_Problem requirements_:
Copy exactly every line below, from the first through the one that contains "今日上午,记者在博览会展区看", and skip all pictures.

(Dataset records begins)

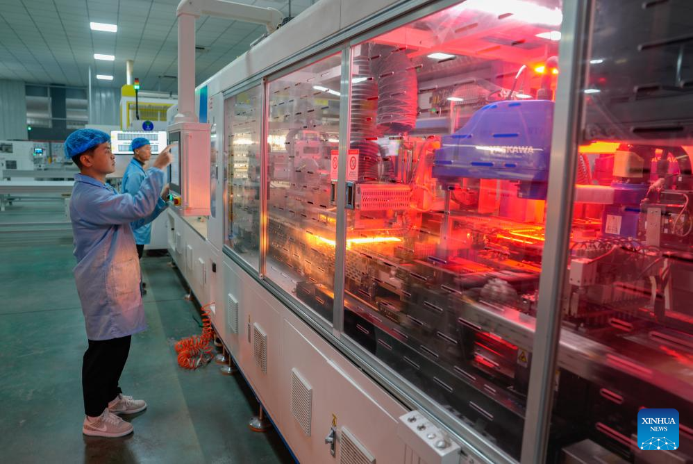 Staff members process photovoltaic products at an industrial park in Tongxin County of Wuzhong, northwest China’s Ningxia Hui Autonomous Region,…
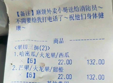 外賣單備注區(qū)里的話語(yǔ)令人動(dòng)容
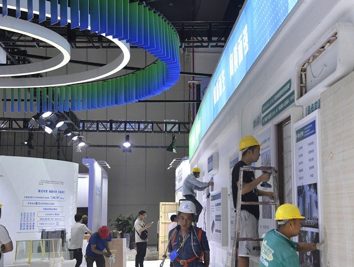 今日上午,记者在博览会展区看到,现场共设立中国城科会展区、城市成果展区、科技创新展区、智能建造展区、绿色低碳展区、城市更新展区、好房子展区七大板块展区。“本次展会吸引了中国生态城市研究院、远大科技等业内知名的研究院企业,不但可以促进业内人士的交流合作,市民朋友们也可前来了解建筑行业最新的发展方向和成果。目前,各展厅布展工作顺利,确保以最好的状态迎接广大的嘉宾和观众。”该博览会中建七局城投公司现场负责人告诉记者。
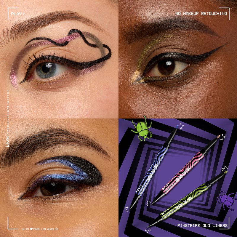 - Pinstripe Duo Liner: Step out of the waiting room and into the afterlife with these transformative, eye-popping shades. Featuring 3 new, limited edition dual-ended black eyeliner and chrome eyeliners inspired by the new movie, BEETLEJUICE BEETLEJUICE
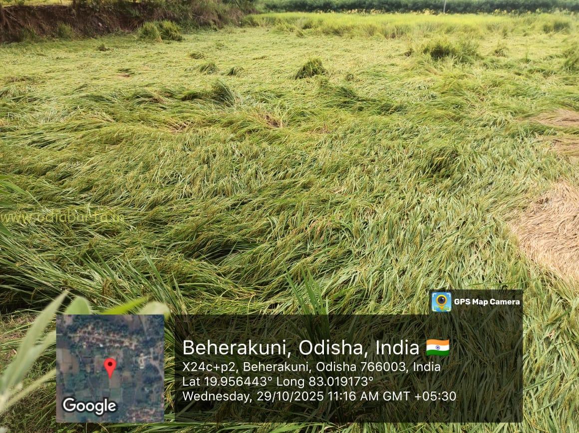 ଭୀଷଣ ବର୍ଷା ଏବଂ ଝଡ଼ପବନ ଯୋଗୁଁ ପାଚିଥିବା ଏବଂ ବାହାରୁଥିବା ଧାନ କ୍ଷେତ ସମ୍ପୂର୍ଣ୍ଣ ନଷ୍ଟ ହୋଇଯାଇଛି, ଯାହା ଫଳରେ ଅନେକ ଚାଷୀଙ୍କର ଜୀବନଯାପନର ଏକମାତ୍ର ଅବଲମ୍ବନ ଦୋହଲି ଯାଇଛି।
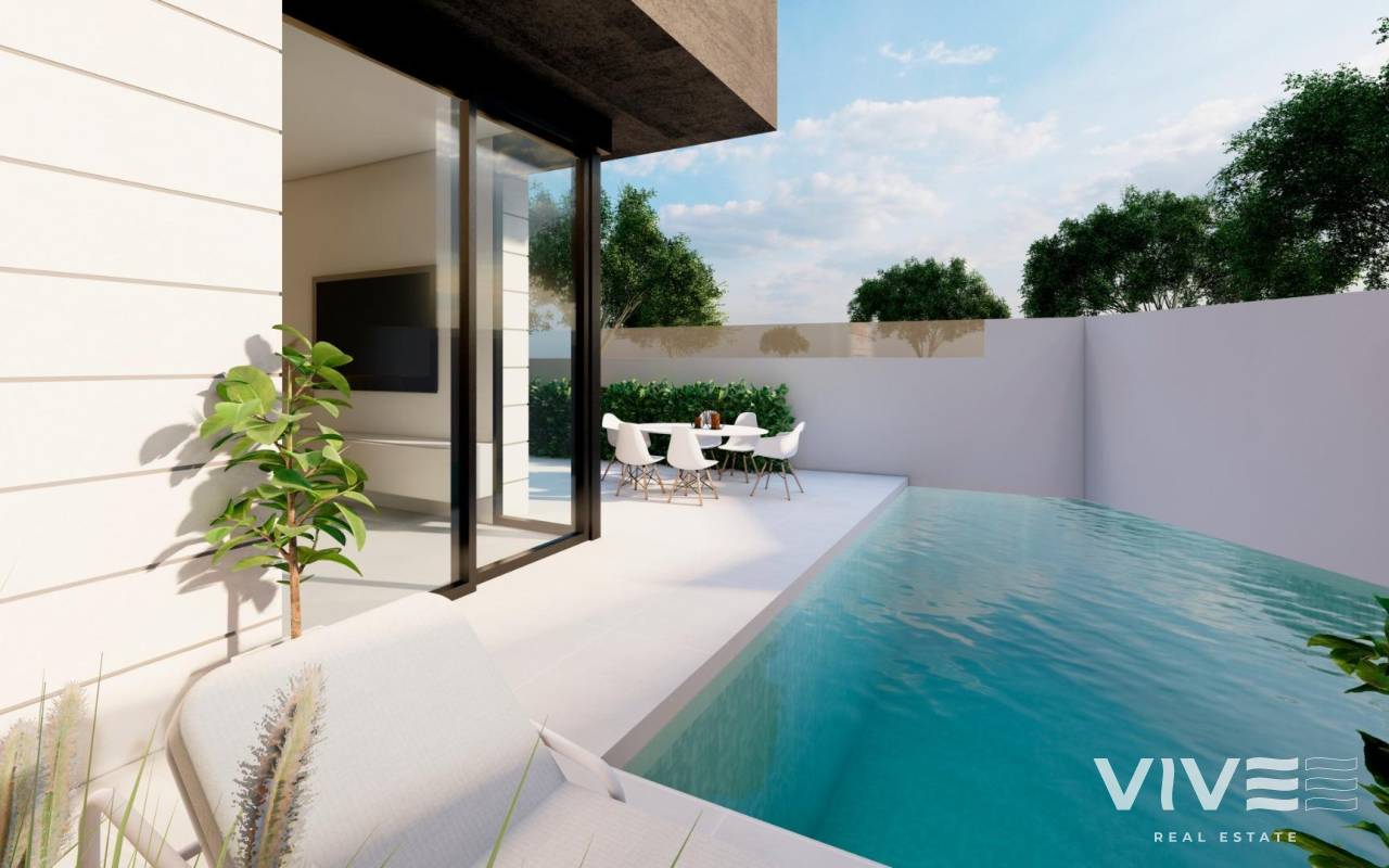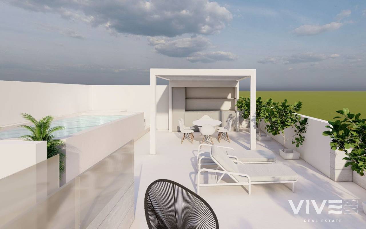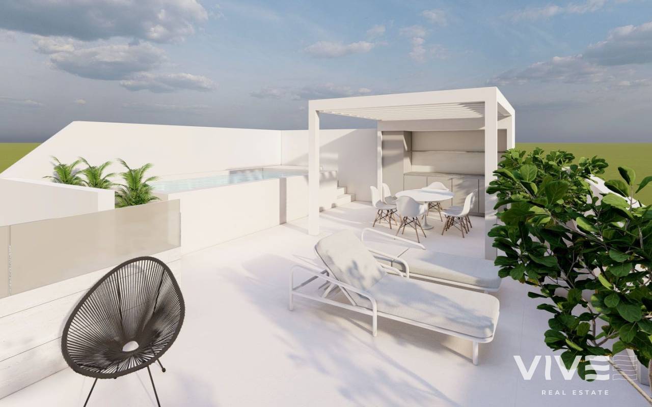 Exclusive New Build Bungalows with Private Pool in Pilar de la Horadada Modern Living in a Prime Costa Blanca Location Discover an exclusive new development of only two premium bungalows located in the heart of Pilar de la Horadada, a charming coastal town in the Costa Blanca known for its fine sandy beaches, peaceful ambiance and Mediterranean lifestyle. The residential complex is situated just 2.5 km from the beach and within walking distance of supermarkets, shops, restaurants and essential daily services. With excellent road connections and Alicante Airport only 45 km away, this location offers the perfect balance between tranquility, comfort and accessibility. Two Unique Homes Designed for Comfort The project features two elegant 2 bedroom, 2 bathroom homes, designed with high quality finishes and modern layouts. One of the bathrooms is ensuite, providing additional privacy and convenience. Each property offers its own distinctive outdoor living experience to match different lifestyle preferences. Ground Floor Bungalow with Spacious Garden and Private Pool The ground floor unit includes a generous 75 m2 garden ideal for outdoor dining, sunbathing and leisure. A private pool is included, along with private parking inside the plot. Large windows and open spaces create a bright and welcoming atmosphere throughout the home. Penthouse Bungalow with Private Solarium and Pool The upper floor residence offers a fenced parking space on the ground level and access via an exterior staircase. It boasts a spacious terrace and a private rooftop solarium with its own swimming pool, creating an exclusive retreat for enjoying the Mediterranean climate and open views. Lifestyle in Pilar de la Horadada This coastal municipality is known for its calm and relaxed atmosphere, beautiful beaches such as Mil Palmeras and a wide range of outdoor activities. Snorkelling, diving, coastal walks and cycling are part of the everyday lifestyle enjoyed by residents and visitors alike. Nature lovers will appreciate the proximity to the San Pedro Salt Lakes, located approximately 12 km away, offering scenic landscapes and wildlife. Distances to Key Points of Interest Beach: 2.5 km San Pedro Salt Lakes: 12 km Lo Romero Golf: 6 km Alicante Airport: 45 km Murcia Airport: 40 km Torrevieja: 20 km Secure Your Exclusive Home Today Take the opportunity to own a unique property with exceptional outdoor spaces in one of the most desirable areas of the Costa Blanca. Contact us today to arrange a visit and reserve your new home in Pilar de la Horadada.
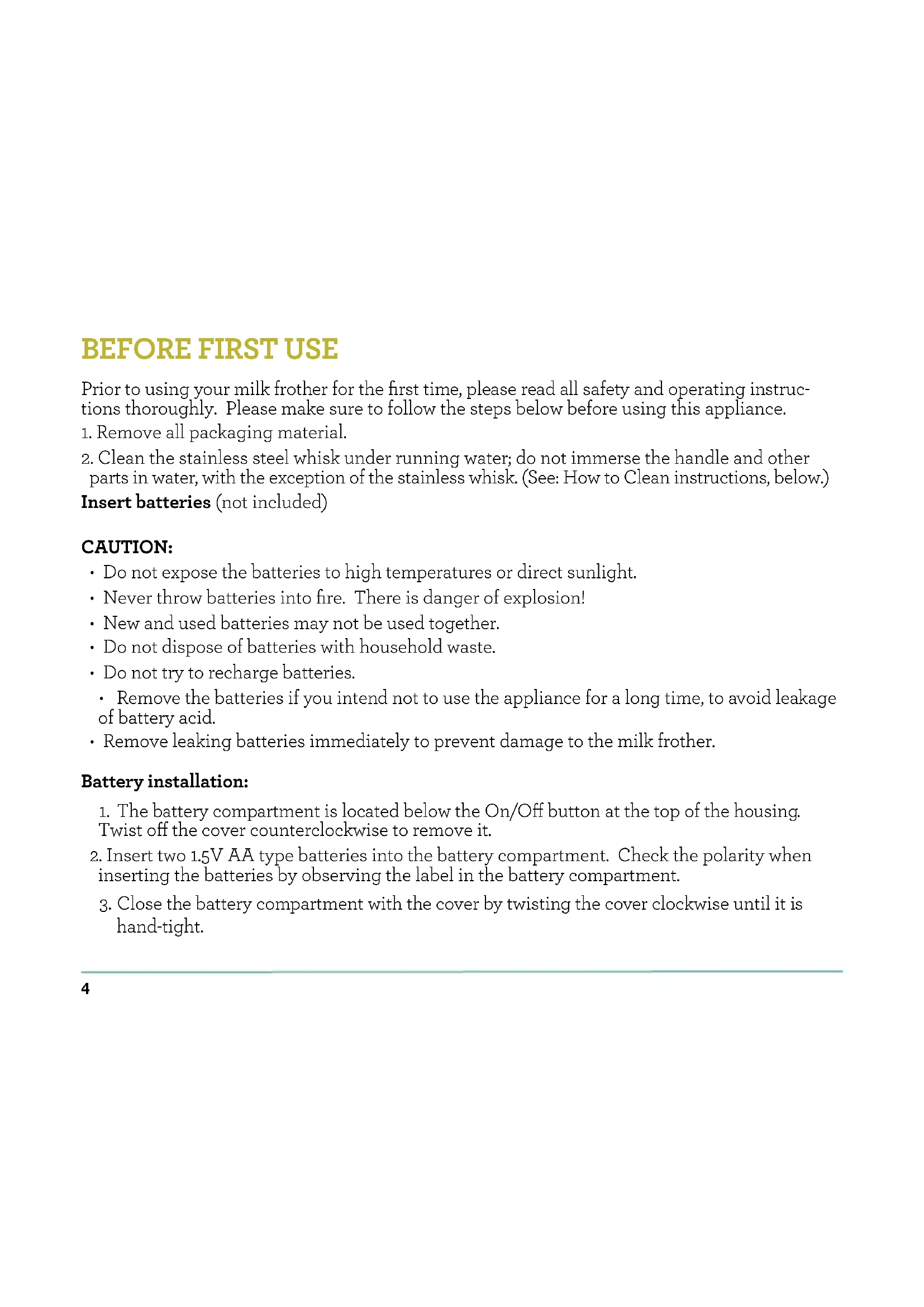 parts in water, with the exception of the stainless whisk. (See: How to Clean instructions, below.) Insert batteries (not included) CAUTION:

(Dataset records ends)

_Answer section_:
 Staff members process photovoltaic products at an industrial park in Tongxin County of Wuzhong, northwest China’s Ningxia Hui Autonomous Region,…
 外賣單備注區(qū)里的話語(yǔ)令人動(dòng)容
 今日上午,记者在博览会展区看到,现场共设立中国城科会展区、城市成果展区、科技创新展区、智能建造展区、绿色低碳展区、城市更新展区、好房子展区七大板块展区。“本次展会吸引了中国生态城市研究院、远大科技等业内知名的研究院企业,不但可以促进业内人士的交流合作,市民朋友们也可前来了解建筑行业最新的发展方向和成果。目前,各展厅布展工作顺利,确保以最好的状态迎接广大的嘉宾和观众。”该博览会中建七局城投公司现场负责人告诉记者。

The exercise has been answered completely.